*** DATA EXTRACT ***
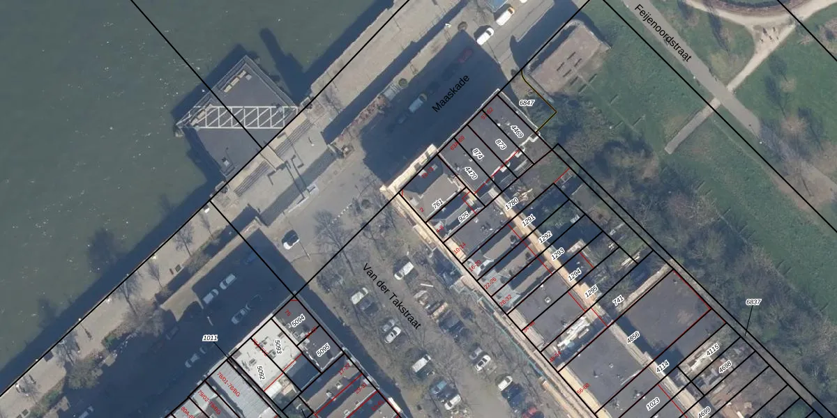 Het perceel waarop het adres ligt is RTD05-Q-761. De afkorting 'RTD05' staat voor kadastrale gemeente Rotterdam. De gemiddelde perceelgrootte in Rotterdam is 1402,06 m². Dit perceel is kleiner: de perceeloppervlakte bedraagt 129 m². Het grootste perceel in de kadastrale gemeente is 36,8 ha. Het kleinste perceel heeft een oppervlakte van 0 m². Er zijn 3 adressen aanwezig op het perceel. De huidige grenzen van het perceel zijn digitaal in de Basisregistratie Kadaster (BRK) geregistreerd op 20-10-2006.
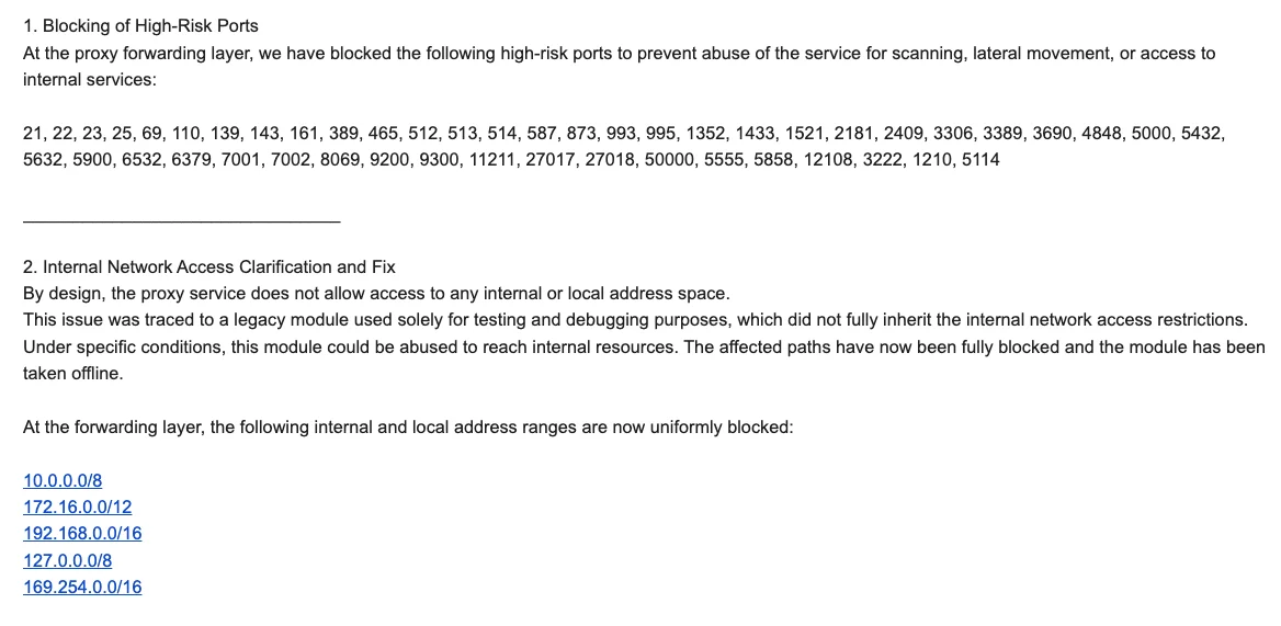 “By design, the proxy service does not allow access to any internal or local address space,” Byron explained. “This issue was traced to a legacy module used solely for testing and debugging purposes, which did not fully inherit the internal network access restrictions. Under specific conditions, this module could be abused to reach internal resources. The affected paths have now been fully blocked and the module has been taken offline.”
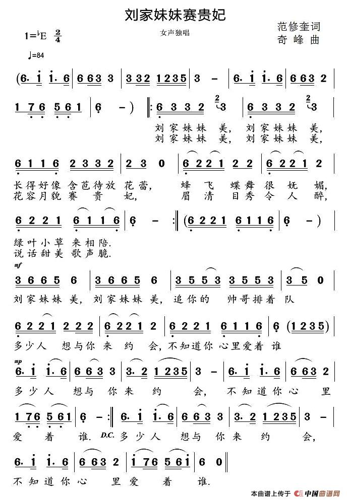 关于《刘家妹妹赛贵妃》曲谱的评论
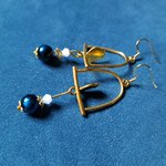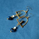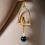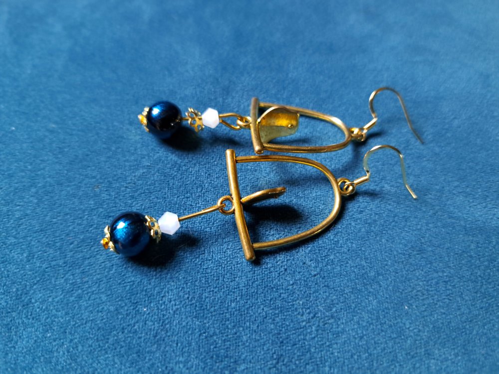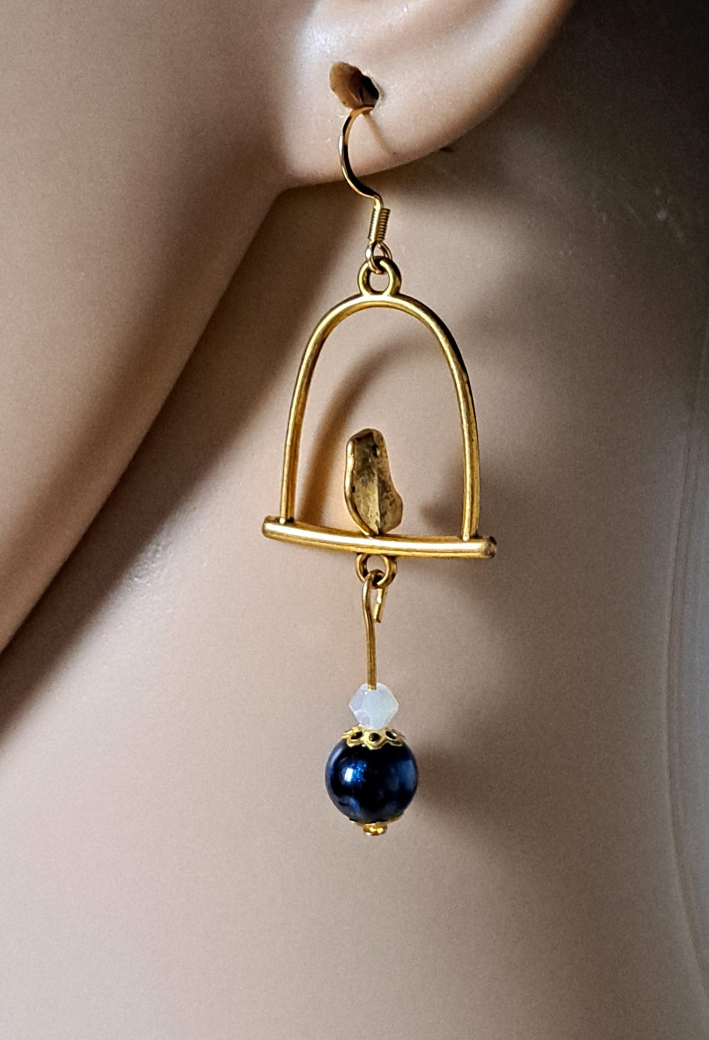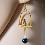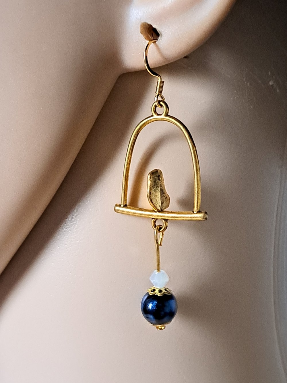 boucle d'oreille oiseaux, perles en verre bleu foncé , blanc, crochet en métal acier Inoxydable doré ancien
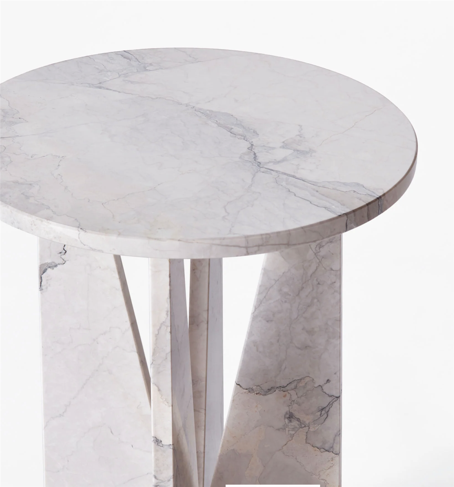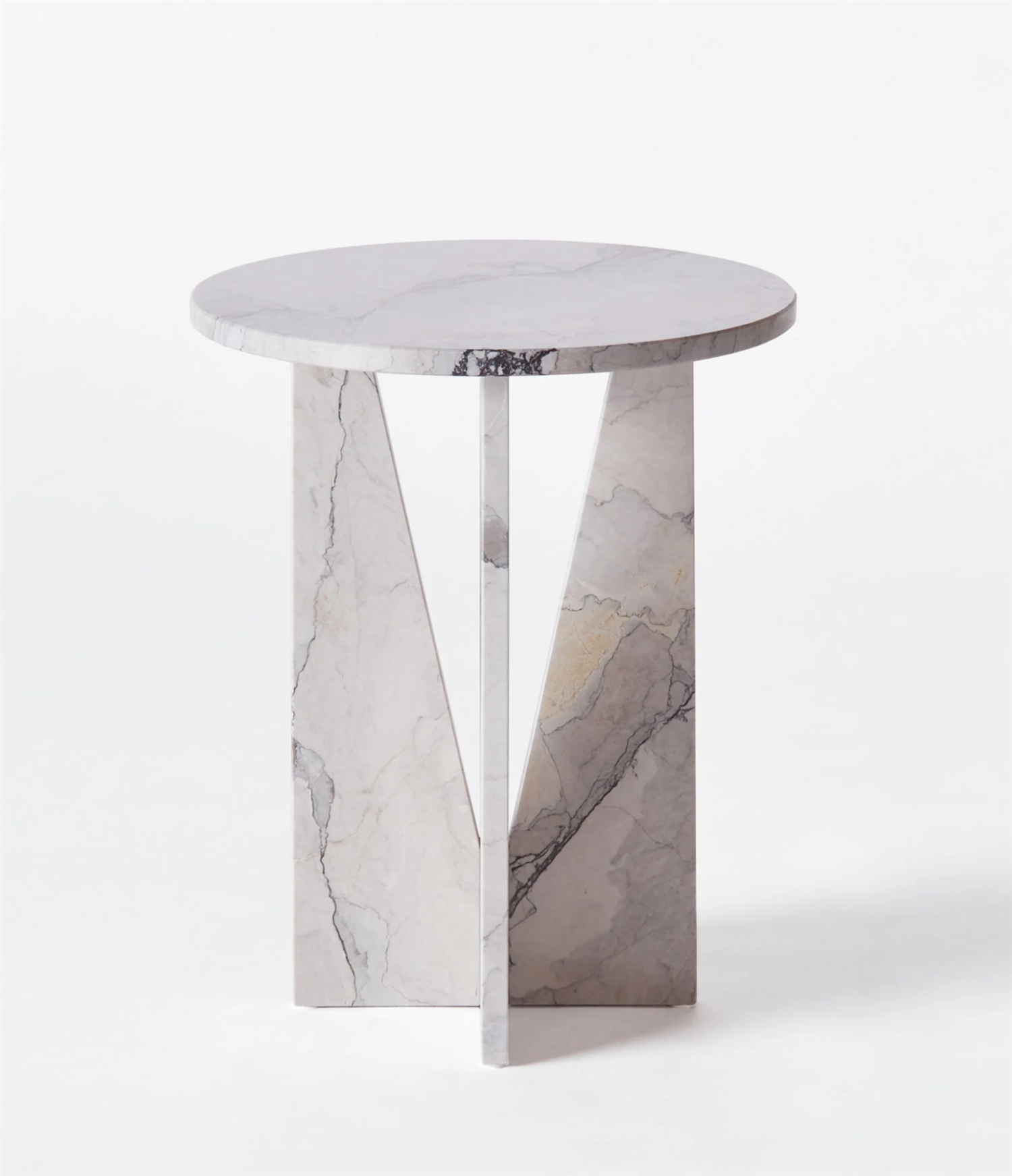 V Side Table är ett bord av massiv marmor i albansk grått. Den runda bordsskivan vilar på en bas som består av triangulära ben som tillsammans skapar en V-form. Bordet är handgjort av duktiga snickare med lång erfarenhet.
*** End of DATA EXTRACT ***
Working from the records above, reproduce exactly the lines from the one with "design, the proxy" through the last line, without the pictures.

*REPLY TO THE TASK:*
 “By design, the proxy service does not allow access to any internal or local address space,” Byron explained. “This issue was traced to a legacy module used solely for testing and debugging purposes, which did not fully inherit the internal network access restrictions. Under specific conditions, this module could be abused to reach internal resources. The affected paths have now been fully blocked and the module has been taken offline.”
 关于《刘家妹妹赛贵妃》曲谱的评论
 boucle d'oreille oiseaux, perles en verre bleu foncé , blanc, crochet en métal acier Inoxydable doré ancien
 V Side Table är ett bord av massiv marmor i albansk grått. Den runda bordsskivan vilar på en bas som består av triangulära ben som tillsammans skapar en V-form. Bordet är handgjort av duktiga snickare med lång erfarenhet.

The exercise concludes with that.